Designing a Modular Kafka Repository

Instead of a single, monolithic Terraform configuration, the repository is split into focused modules. Each module solves one problem well and does so explicitly, avoiding hidden defaults.

Cluster Module (Best-Practice Hardened)

Clusters are environment-scoped resources and should always be created alongside their Confluent environment. Provider versions are pinned to avoid breaking changes.

terraform {
  required_providers {
    confluent = {
      source  = "confluentinc/confluent"
      version = "~> 2.57"
    }
  }
}

resource "confluent_environment" "this" {
  display_name = var.environment_name
}
resource "confluent_kafka_cluster" "this" {
  display_name = var.cluster_config.name
  availability = var.cluster_config.availability
  cloud        = var.cluster_config.cloud_provider
  region       = var.cluster_config.region
  
  dynamic "basic" {
    for_each = var.cluster_config.type == "BASIC" ? [1] : []
    content {}
  }

  dynamic "standard" {
    for_each = var.cluster_config.type == "STANDARD" ? [1] : []
    content {}
  }

  dynamic "dedicated" {
    for_each = var.cluster_config.type == "DEDICATED" ? [1] : []
    content {
      cku = var.cluster_config.cku
    }
  }
  environment {
    id = confluent_environment.this.id
  }
}

Service Identity Module (Least Privilege by Default)
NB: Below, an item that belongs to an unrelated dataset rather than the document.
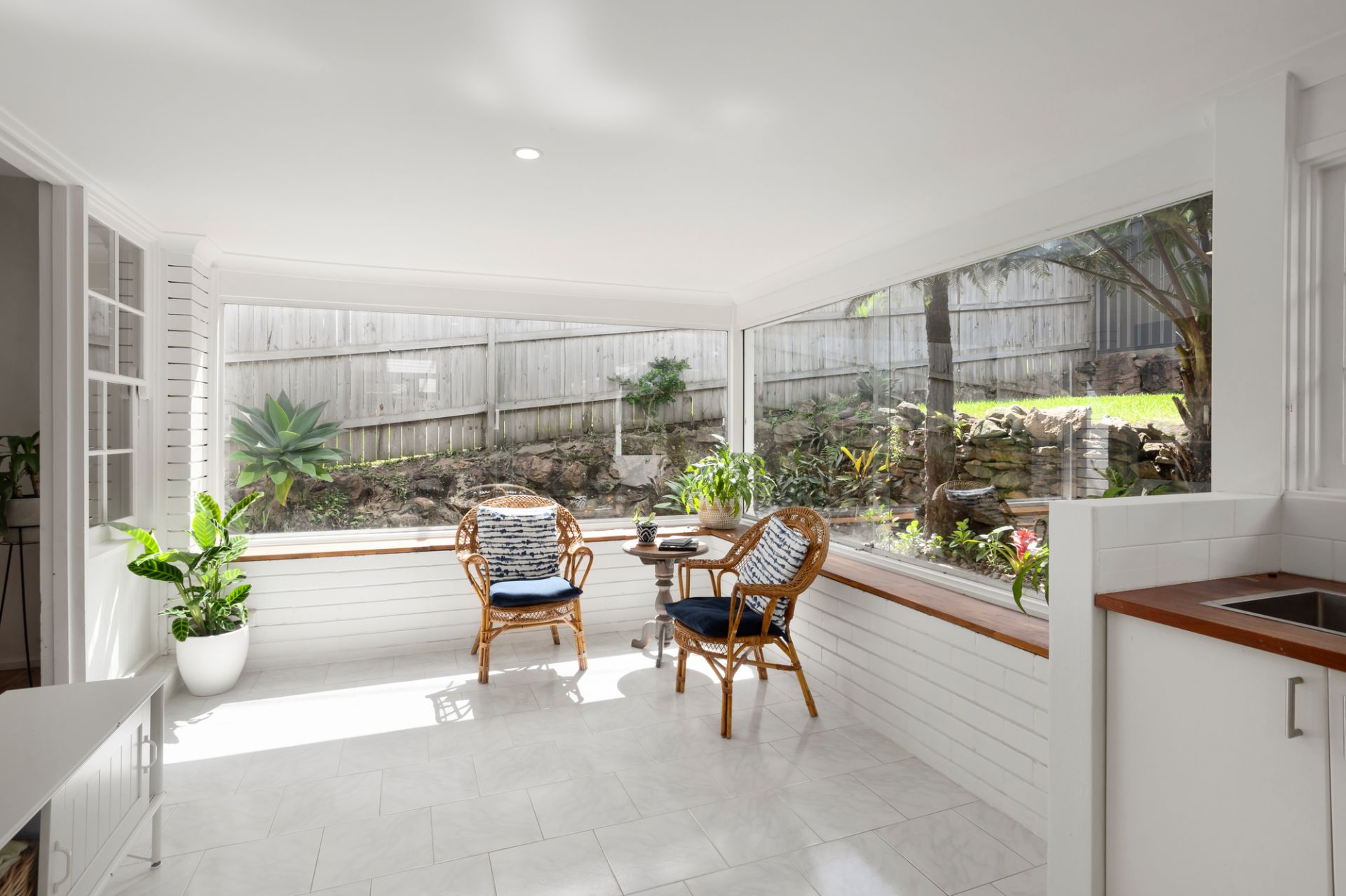 The tiled sun-room captures early morning sun and creates the ideal place for coffee and the Sunday papers or a kids play room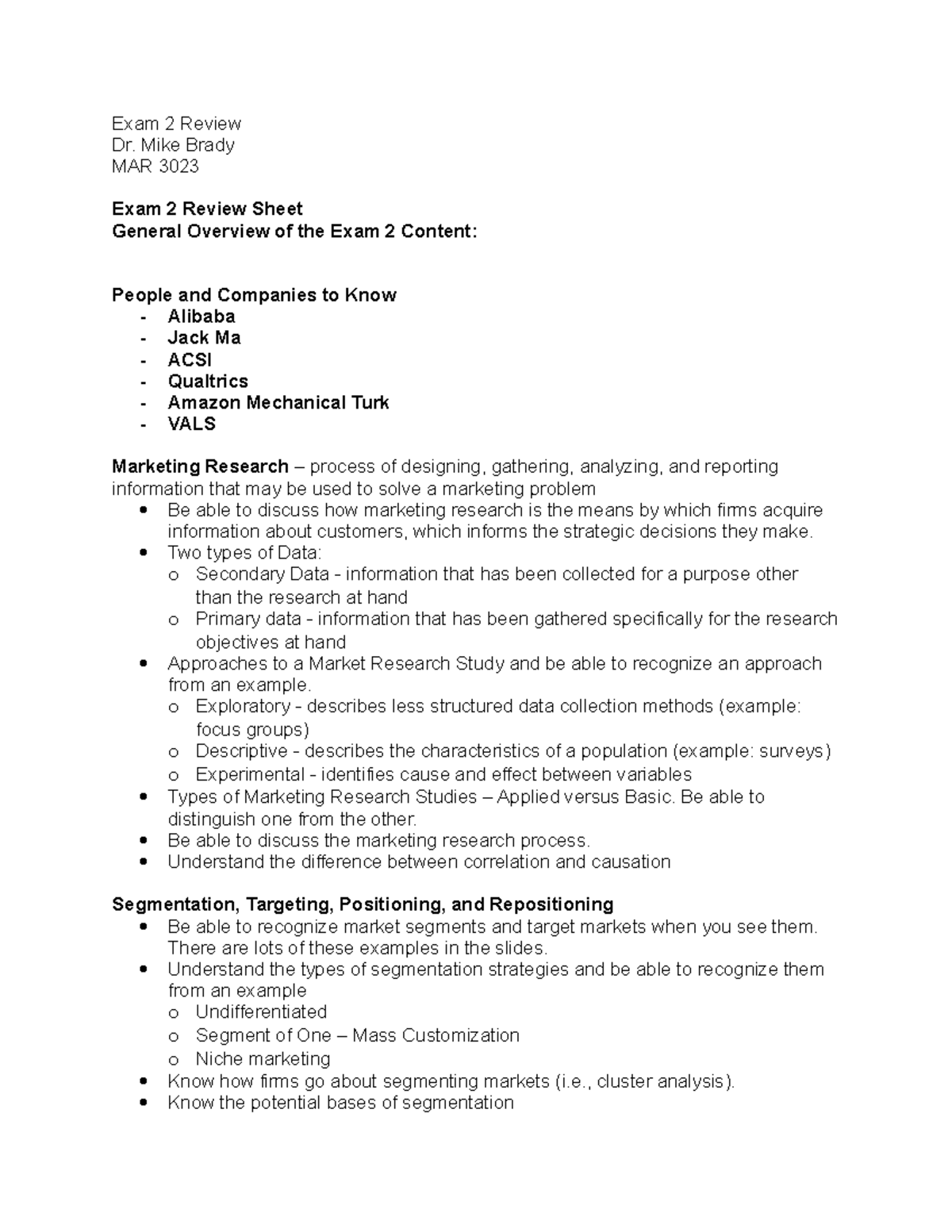 Exam 2 Review Content - Exam 2 Review Dr. Mike Brady MAR 3023 Exam 2 ...

Service accounts represent applications — never humans. They are cheap to create and should be scoped tightly.

locals {
  display_name = "${var.identity.team}-${var.identity.name}"
  description  = var.identity.description != "" ? var.identity.description : "Service account for ${var.identity.team}/${var.identity.name}" 
}
resource "confluent_service_account" "this" {
  display_name = local.display_name
  description  = local.description
}

Topic Module (Explicit, Protected, Reviewable)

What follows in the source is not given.